Data section below:

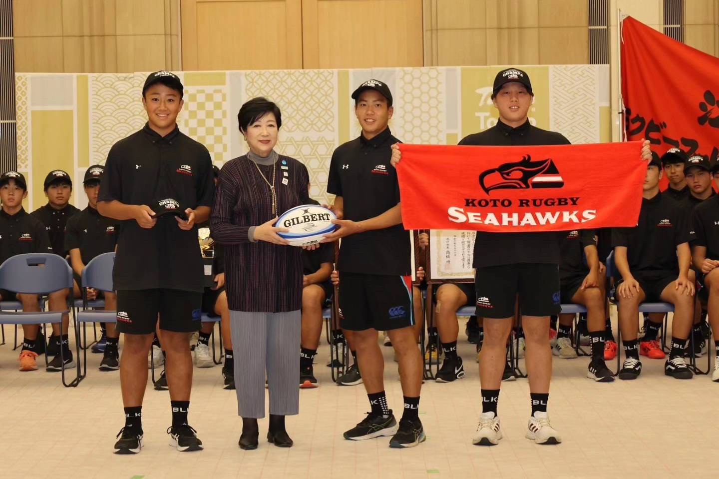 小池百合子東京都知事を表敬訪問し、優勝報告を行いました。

End of Data section.
Data section below:

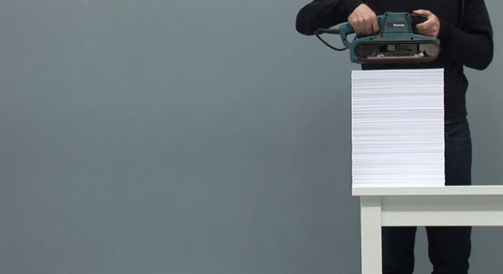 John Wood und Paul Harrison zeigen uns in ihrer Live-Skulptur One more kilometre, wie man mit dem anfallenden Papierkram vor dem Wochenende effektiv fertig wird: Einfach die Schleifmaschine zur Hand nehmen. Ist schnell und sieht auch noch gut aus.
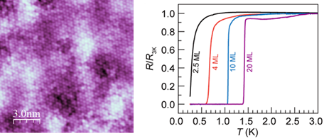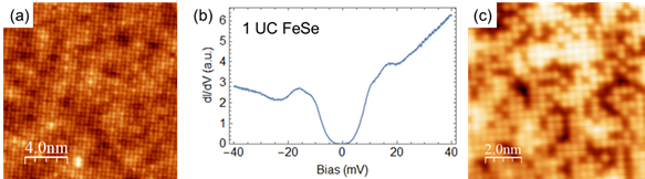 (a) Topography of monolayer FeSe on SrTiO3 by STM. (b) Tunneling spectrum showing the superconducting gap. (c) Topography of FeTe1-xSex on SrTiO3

End of Data section.

# What you are asked to do:
Above are records; write out the lines from the one with "John Wood und" down to the one with "(a) Topography of", exactly, leaving the pictures out.

# Finished task:
 John Wood und Paul Harrison zeigen uns in ihrer Live-Skulptur One more kilometre, wie man mit dem anfallenden Papierkram vor dem Wochenende effektiv fertig wird: Einfach die Schleifmaschine zur Hand nehmen. Ist schnell und sieht auch noch gut aus.
 (a) Topography of monolayer FeSe on SrTiO3 by STM. (b) Tunneling spectrum showing the superconducting gap. (c) Topography of FeTe1-xSex on SrTiO3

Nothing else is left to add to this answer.